Today at work I was being (lovingly) teased by people trying to wind me up that my husband and best friend are overseas together for work. After they realised I genuinely wasn’t bothered at all, (I even told them that he had purposely left his wedding ring at home so it didn’t get lost which they found very amusing!) it got me wondering that maybe it’s not common to have such a high level of trust in relationships. Thing is, I don’t get how any meaningful relationship exists without such trust.
It makes sense that we trust those closest to us, our partners, family members and closest friends, as well as those entrusted to care for us and our loved ones such as health care workers and teachers.

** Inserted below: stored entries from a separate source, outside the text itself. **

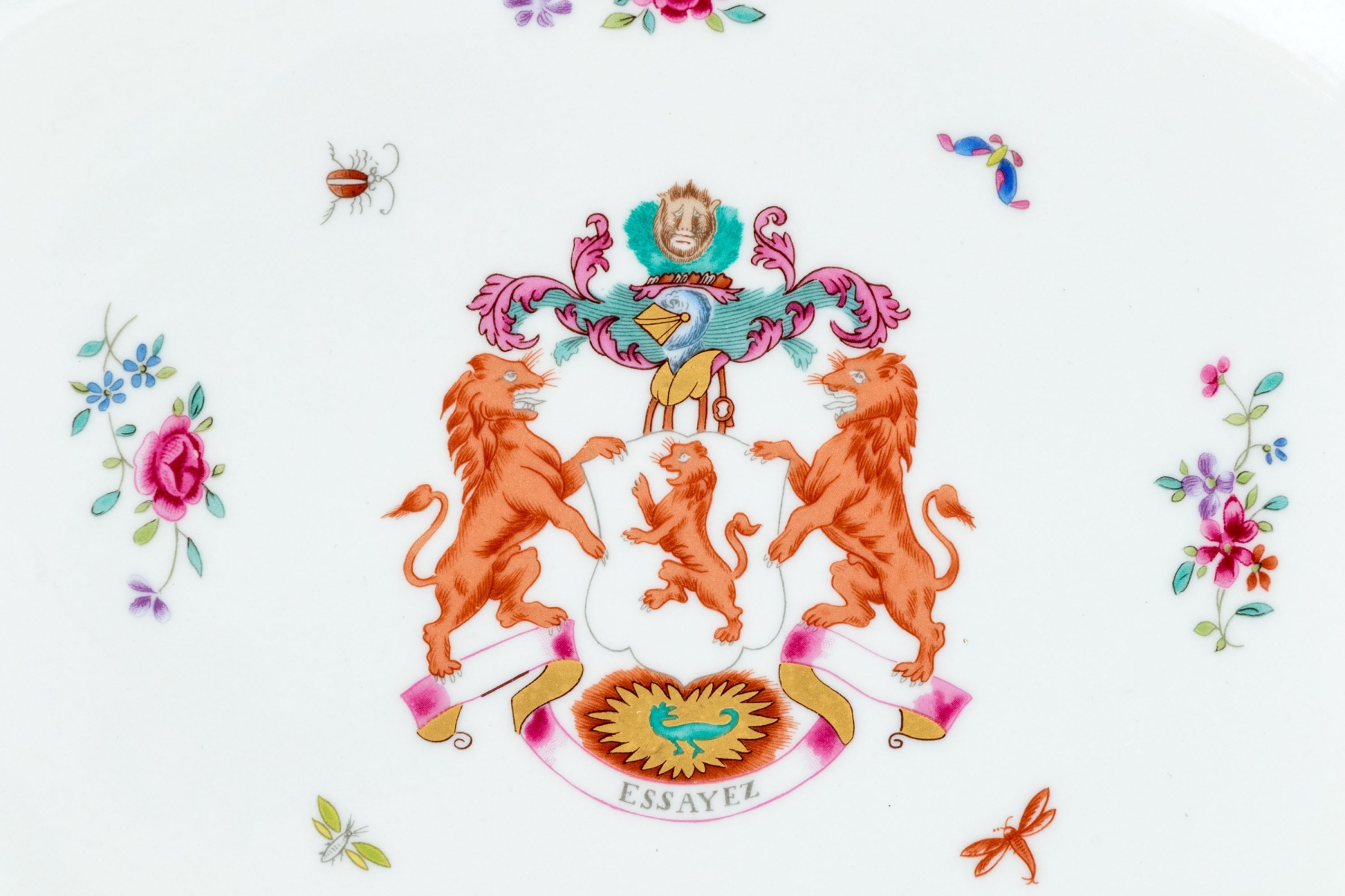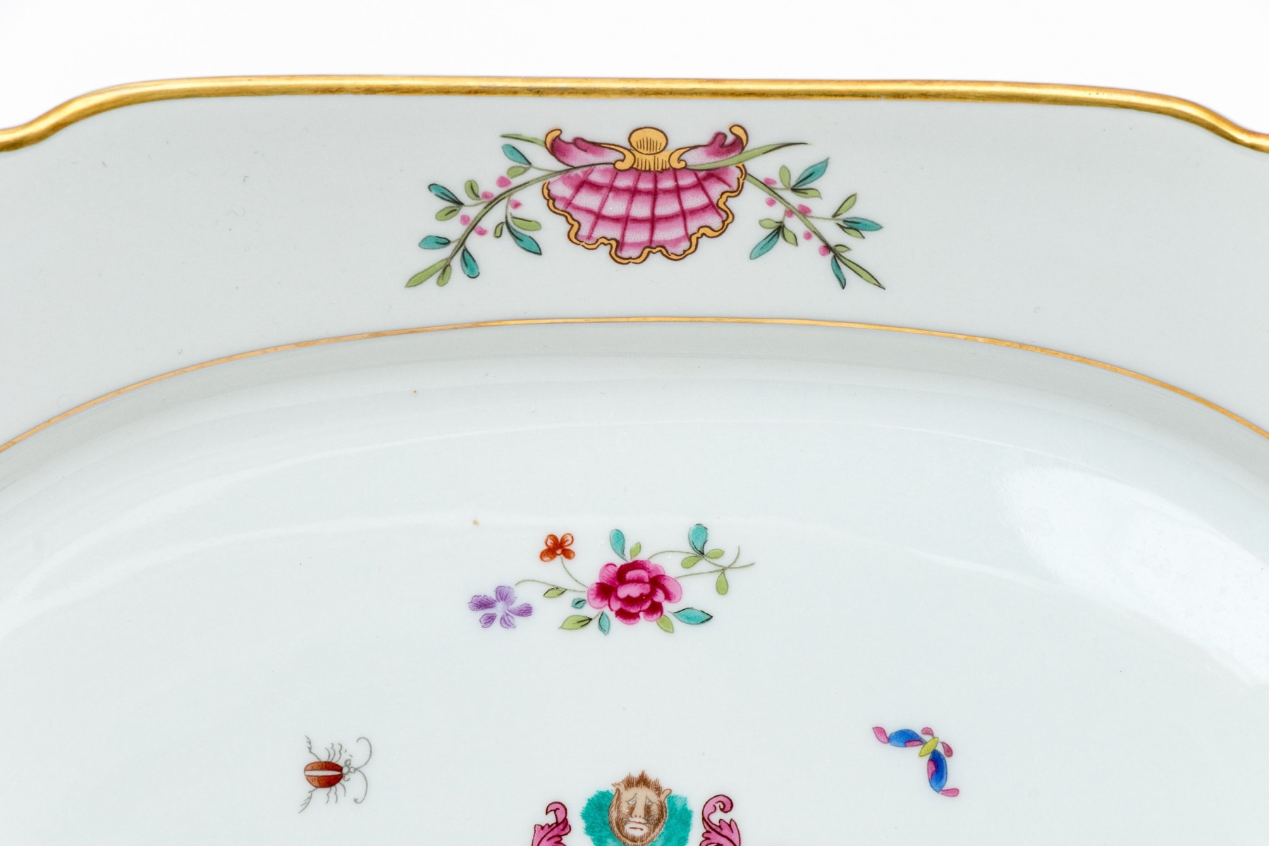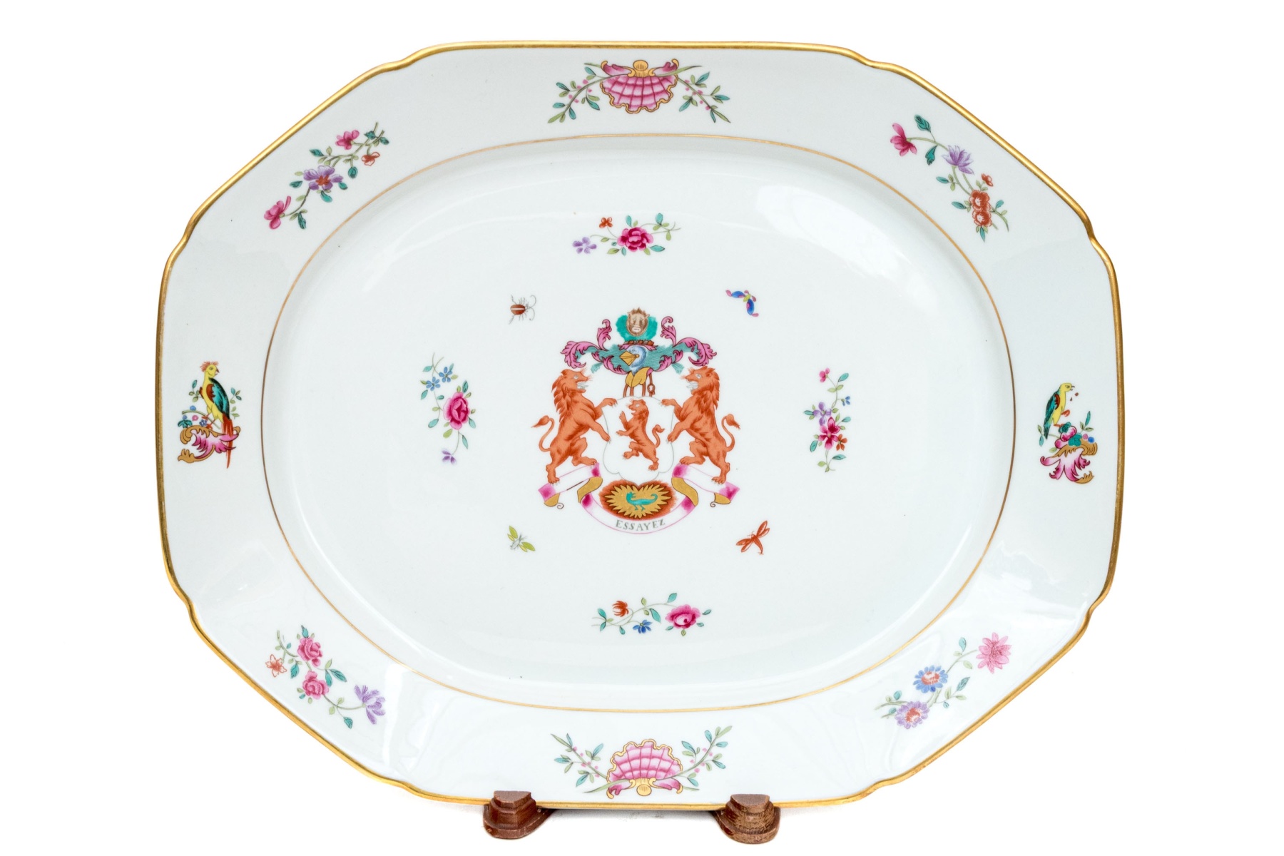 A charming Vista Allegre For Mottahedeh porcelain serving platter in gorgeous Chinese export style, showcasing an octagonal form with scalloped gilt edges around a band of bird, acanthus, and floral sprays surrounding a central scene of heraldic motifs with lions, flowers, and moths in vibrant famille rose hues. Marked underfoot.
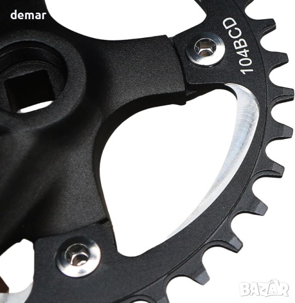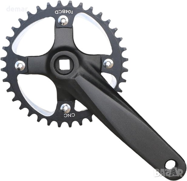 MTB манивела с избор от 165 мм дължина на манивела, включваща издръжлива 6061 T6 топлинно обработена квадратна конусна манивела. Едноскоростното верижно колело 7075 с тесни и широки зъби предотвратява изпускане на веригата, а болтовете на манивела са включени за лесен монтаж. Със 104 mm BCD дизайн с висока интензивност и съвместимост с едноскоростни колена, той пасва перфектно на MTB. Пакетът включва едноскоростно тясно-широко верижно колело (32T) и всички необходими компоненти. Този колянов вал е предназначен за квадратни заострени отвори, с препоръчителен размер на долната скоба от 110 мм/110,5 мм (не е включен), което го прави подходящ за планински велосипеди, градски велосипеди и др. Вземете всичко необходимо в един комплект.
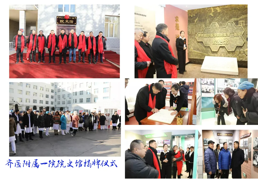 齐医附属一院院史馆于2019年12月对外开放,是齐医附属医院中,也是辖区内唯一一家医院展览馆。展馆从谋划至建成历时两年,采访了200余人,内有8个展厅、292块展板、376张照片以及数十件实物,按照时间跨度分为医院诞生 初具规模(1954-1966)、经历风雨 磨砺前行(1976-1986)、励精图治 人才辈出(1986-1998)、勇立潮头 继往开来(1998-2008)、不忘初心 砥砺前行(2009-2019)五个历史展厅。传承红色基因,结合富拉尔基地域的红色定位,探究红岸医学发展历程,以烙有沧桑痕迹的物证史料和实物相结合的方式,完整的再现了医院从创建至今的峥嵘岁月,立体化、多角度展现了红岸现代医学发展历程和医务人员的精神风貌。建馆以来,院史馆累计接待省、市领导、老校友、本院职工、工矿企业、学生、社区群众等参观人员2000余人次。
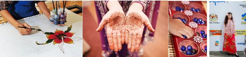 マレーシアの伝統工芸「バティック」の色塗り体験や、天然染料を使ったヘナタトゥー、伝統的なあそび「チョンカ」、マレーシア伝統衣装体験や、マレーマッサージ体験など。
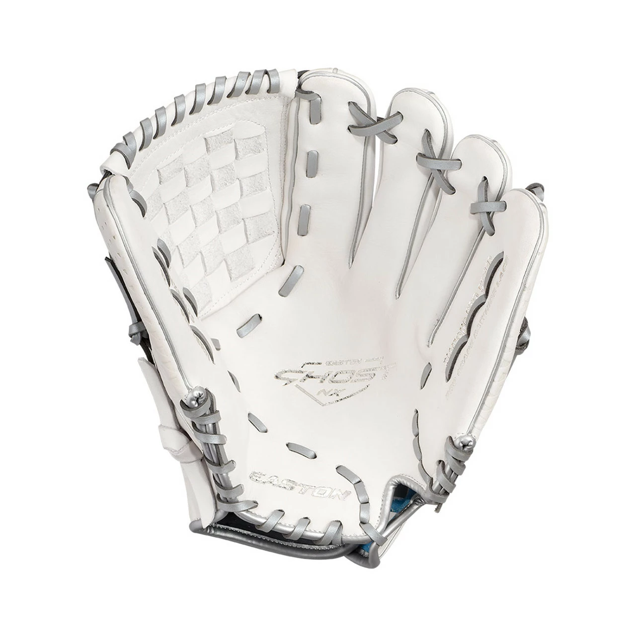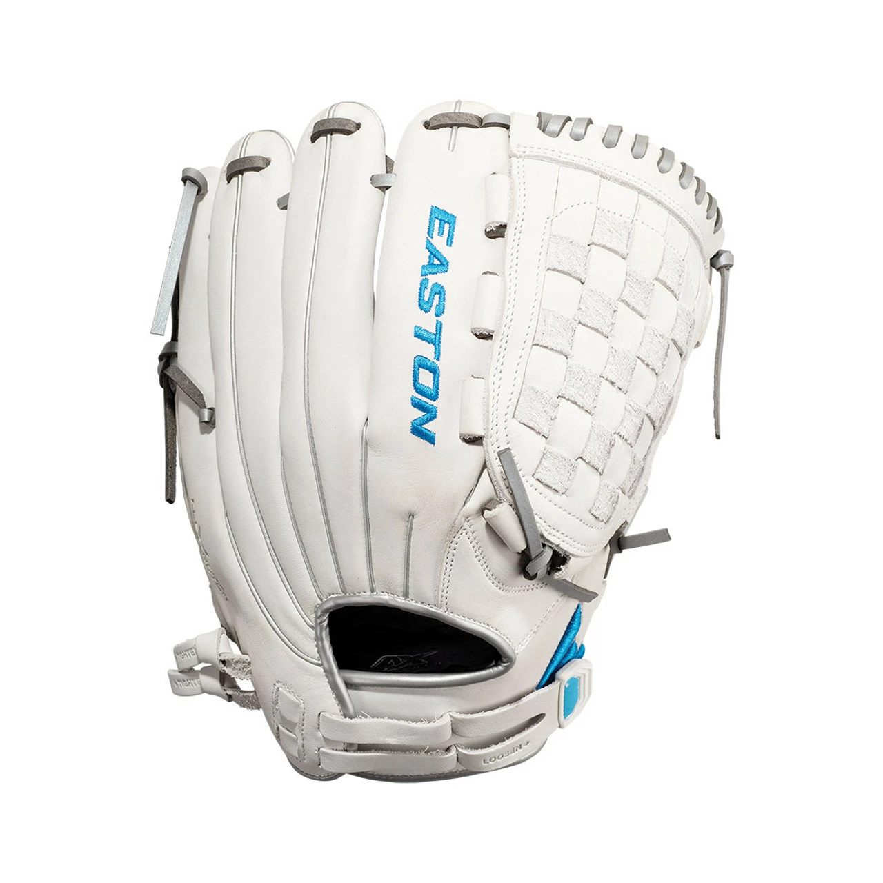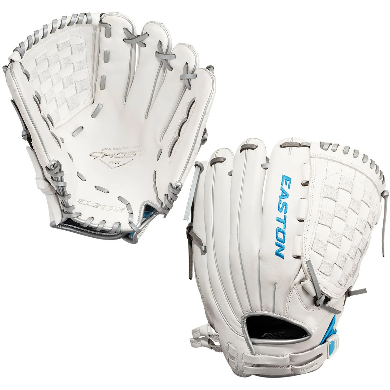 Easton’s Ghost series is a symbol of elite fastpitch play. The Ghost NX 12.5-inch Fastpitch Pitcher/Outfield glove fits right in. These gloves were crafted in gameday-specific patterns designed for smaller hands and perfectly suited to the fastpitch game. On the outside, the Game Ready Diamond Pro Steer leather and Flex Notch closure system make this glove super soft and easy to handle right away. The Quantum Closure System on the glove back ensures a perfect fit for every player, and the interior Ax Suede microfiber lining creates unmatched comfort and durability. Also, the striking white-and-blue colorway and professional-grade silver metallic rawhide lace are sure to turn heads. Hit the field with the Ghost NX 12.5-inch Fastpitch Pitcher/Outfield Glove and master the softball diamond. Get yours today!

So how do you get to a point where you genuinely have no doubt in the trust you have? It’s common knowledge to most people that trust needs be earned, but does that mean we start a relationship with distrust? Not usually. So does it mean we blindly trust everyone we enter into a relationship with? Well I don’t think that’s true either. I would say we start somewhere in the middle. Wary but wanting to believe the best of someone. Open yet slightly guarded. So if we start off in the middle, how do we grow trust? Obvious answers would be good communication, honesty and respect. I know all my most important relationships have all those things but I think I’ve noticed something else too. I think it’s self confidence. If I know that I am being open, honest and respectful then I expect the same of someone else. In my experience, most often it’s given.
Over the years I’ve had many relationships weeded out of my life, leaving only the best ones, the ones with mutual trust and respect. For without the basic fundamental part of a relationship, in my opinion there is no relationship at all.